Memorandum by the Secretary of State of a Conversation With the British Secretary of State for Foreign Affairs (Henderson), London, July 30, 1931, at 12:15 p.m.22

I went to the Foreign Office and had a talk with Mr. Henderson over his plans for the General Disarmament Conference next February. I told him that we expected to be on hand and to help at the Conference, but we did not think that anything definite would be done until after the French elections in May. He agreed. I asked him what his views were. He said he thought the Conference would meet on the 2d of February and that a debate in the nature of what they called in the House of Commons “a second reading debate” would take place and last until Easter. By that he meant a debate in which there were no rules of relevance, but the whole subject could be discussed in all language. Then he thought a commission for each of the three services, land, sea and air, probably would be appointed and several other committees, including a committee on political issues which would especially include security, would be appointed, and that those committees would take up the work of thrashing out and sorting down the possibilities.

I told him that I had heard from the Prime Minister of the preparatory work which they were doing in Britain and I should be very glad if Henderson would give me the details. He told me that a three-party commission had been appointed some three months ago containing Lloyd George, Samuel, Lord Lothian and perhaps others representing the Liberals; Chamberlain, Sir Samuel Hoare, Lord [Page 509] Inchcape and Captain Eden representing the Conservatives; and the Prime Minister, Henderson, Snowden, Thomas and the heads of the three services, namely, Alexander (sea), Shaw (land) and Amerlie (air) representing the Government.

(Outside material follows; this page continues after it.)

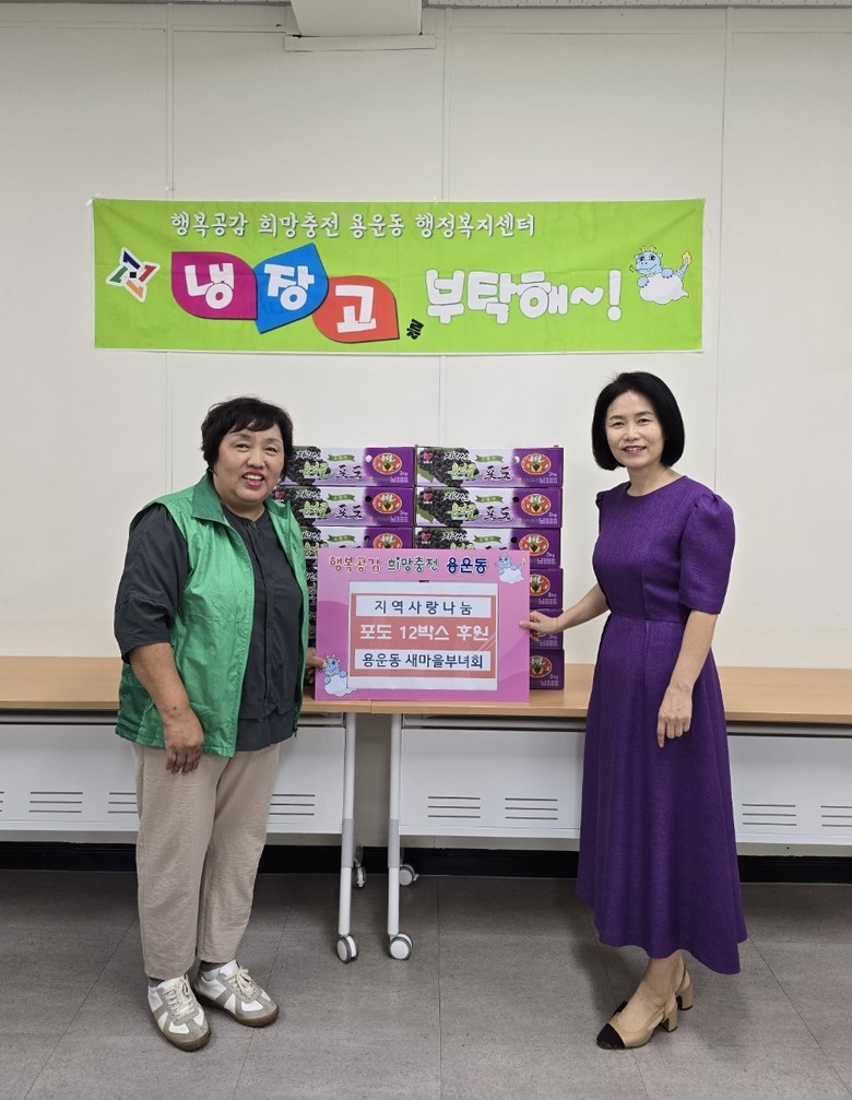 또한, 부녀회는 포도 12박스를 추가로 기탁해, ‘찾아가는 나눔냉장고’ 대상 가구에 밑반찬과 함께 전달했다.

He had brought in the dossier of papers which had been considered by the committee and said that they contained at least three papers by the War Office, 6 by the Admiralty, 11 by the Foreign Office and 5 of criticism by opposition members. These papers stated the positions of the three services. The Foreign Office papers contained a discussion of the various treaties and pacts and a history of the position of the respective British parties, also a documentary history of the disarmament program and of the difficulties and problems which it confronted.

I told him it would be of great help to me if he could let me have some of this information which had thus been collected, excluding, of course, matters which were secret or confidential to the British Government. He told me he would confer with the Prime Minister and he had no doubt he could let me have a good deal. (Note: Later in the evening at dinner he told me he had conferred with the Prime Minister and the latter had assented, and he would send to me at Scotland these papers.)

I told Henderson of the attitude which I had taken with regard to the Disarmament Congress, how I deemed it so important that I was unwilling to let American participation be made a scapegoat for non-preparation by the Europeans. I pointed out that disarmament by us would have no influence on the solution of such European problems as those between France and Germany and France and Italy, et cetera, et cetera, but we would use the full pressure of our moral influence to try to make the Congress a success and would work hard to find any way in which our influence could be exerted. He called my attention to an article by Maginot, the French Minister for War, reported in the London Times of July 28, as an instance of the present French attitude. Also of course he referred to the French memorandum of July 22.

  1. Secretary Stimson was in Europe during July and August; for correspondence concerning his visit, see pp. 536 ff.